One recurrence that’s not in Part 1 but in 2 and 3 is the poet’s eyeball, in a way that again seems to be serving more thematic symbolism than actual plot. In Part 2 after Thon Tadio takes the poet’s eyeball, Dom Paulo explains that he calls it his “removable conscience,” an idea the scholar seems to like, and in Part 3 Dom Zerchi recalls a legend about this eyeball: 

No one, indeed, had ever found evidence that such a person as Saint Poet of the Miraculous Eyeball had ever lived: the fable had probably arisen out of the story that one of the early Hannegans had been given a glass eyeball by a brilliant physical theorist who was his protégé–Zerchi could not remember whether the scientist had been Esser Shon or Pfardentrott–and who told the prince that it had belonged to a poet who had died for the Faith. 

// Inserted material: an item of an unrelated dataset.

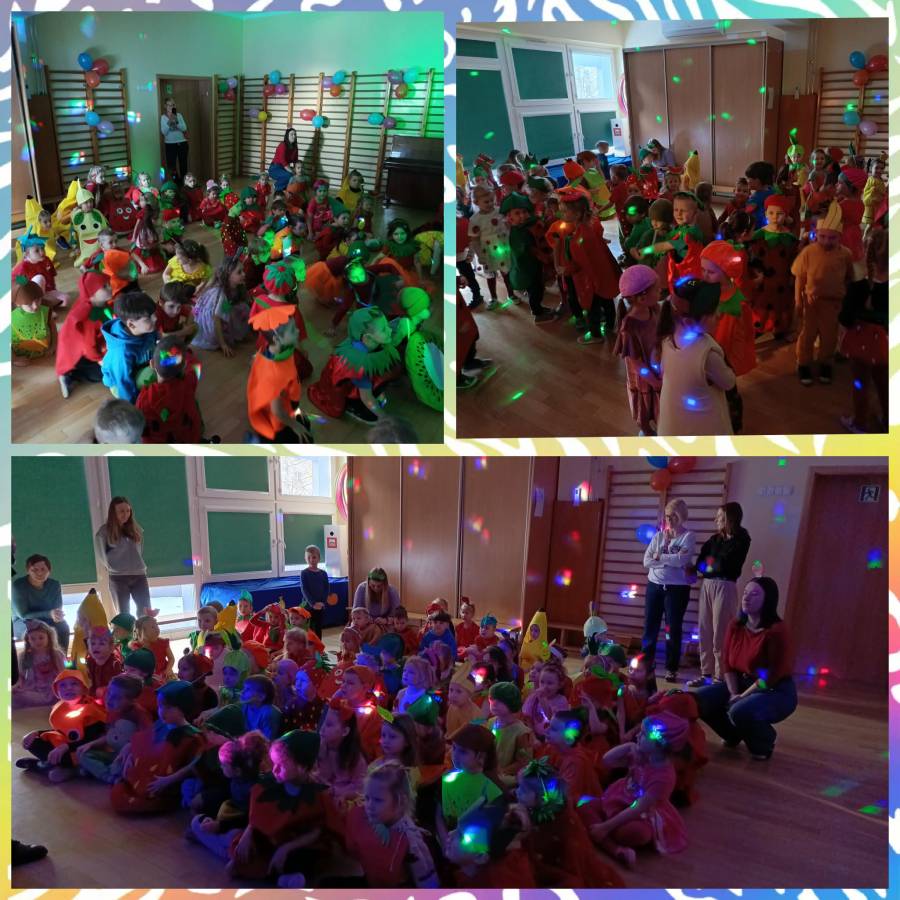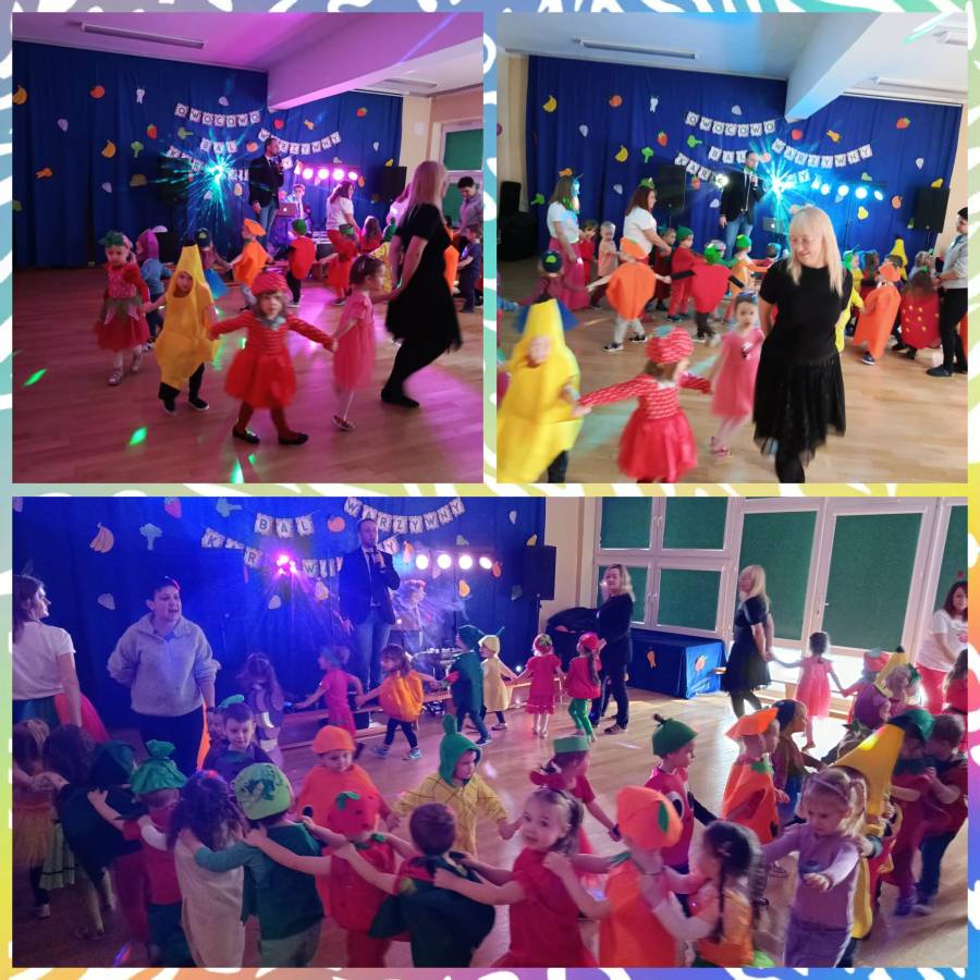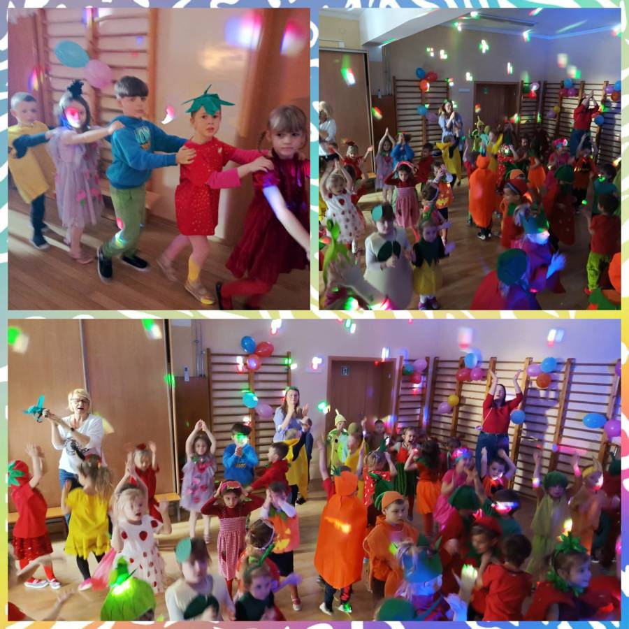 Jak co roku w karnawale, dnia 19 stycznia 2026 r. w przedszkolu odbył się oczekiwany przez dzieci bal- w tym roku owocowo- warzywny. Przedszkolna sala zamieniła się w kolorowy ogród pełen tańczących owoców i warzyw. Na parkiecie pojawiły się między innymi Kiwi, Marchewki, Banany i Truskawki. Nie sposób zliczyć i wymienić tych wszystkich postaci. Rozpoznać dzieci było bardzo trudno.

One can see here how realities are distorted to the realms of myth over time, since we got to see the reality in Part 2, and in that reality the poet did not die “for the Faith” and was more a nuisance to the monks than an adherent of religion himself. This distortion is interesting in light of how prevalent religion–specifically Christian, even more specifically Catholicism–is in this centuries-spanning tale, with the original religious myths that existed before the Flame Deluge still in tact eighteen centuries after it, while most scientific knowledge did not survive. It’s a little hard to believe that religion would exist so unchanged, but the interplay between religion and science, with this religious order of the monks existing predominantly to preserve scientific knowledge, does provide for an interesting plot arc that can be sustained across such a long time span.  

 It’s worth mentioning that this book is not just worth reading for the plot, but also for the prose, with descriptions like

Disappointed, the black sky-horde rode back to altitude on their invisible elevators of hot air, then disbanded and dispersed toward their remoter aerial vigils.

This passage about buzzards early in the book humanizes them with the emotion of disappointment and and giving them their own religious-seeming rituals–“vigils.” It’s also echoed by a poetic description of a detonated atomic bomb near the end: 

The visage of Lucifer mushroomed into hideousness above the cloudbank, rising slowly like some titan climbing to its feet after ages of imprisonment in the Earth.

This description also likens a non-human thing to a more recognizable human form (if titans aren’t technically human) and also invites consideration of how man, supposedly created by God in his image, then created Lucifer, which in this description bears a subtle likeness to man’s image.

The symbolism of someone being mistaken for Leibowitz seems possibly symbolic of the monks mistaking their work as a good thing, mistaking knowledge for salvation. In this context the invocation of the Garden of Eden near the very end is significant: Zerchi gets to see a version of what man would look like if he hadn’t been cast out of the Garden of Eden, which is to say if he hadn’t eaten the fruit from the Tree of Knowledge of Good and Evil. By preserving memorabilia of scientific knowledge, man is essentially partaking of this fruit again. Though Zerchi does not directly acknowledge this implication about the purpose of the abbey’s existence before he dies, the reader must. Man, by nature, can ultimately only destroy itself with this knowledge: the “progress” that is made with it is progress toward our own destruction. It is not so much the fault of the knowledge itself as the fault of the nature of man, which seems reinforced through the figure of Hannegan trying to consolidate his empire in the second section, when nuclear capabilities don’t exist yet. But figures like him will still exist when those capabilities are regained, rendering destruction inevitable. Which is maybe why one shouldn’t read this book in our current times…since ignorance is bliss, as we’ve seen.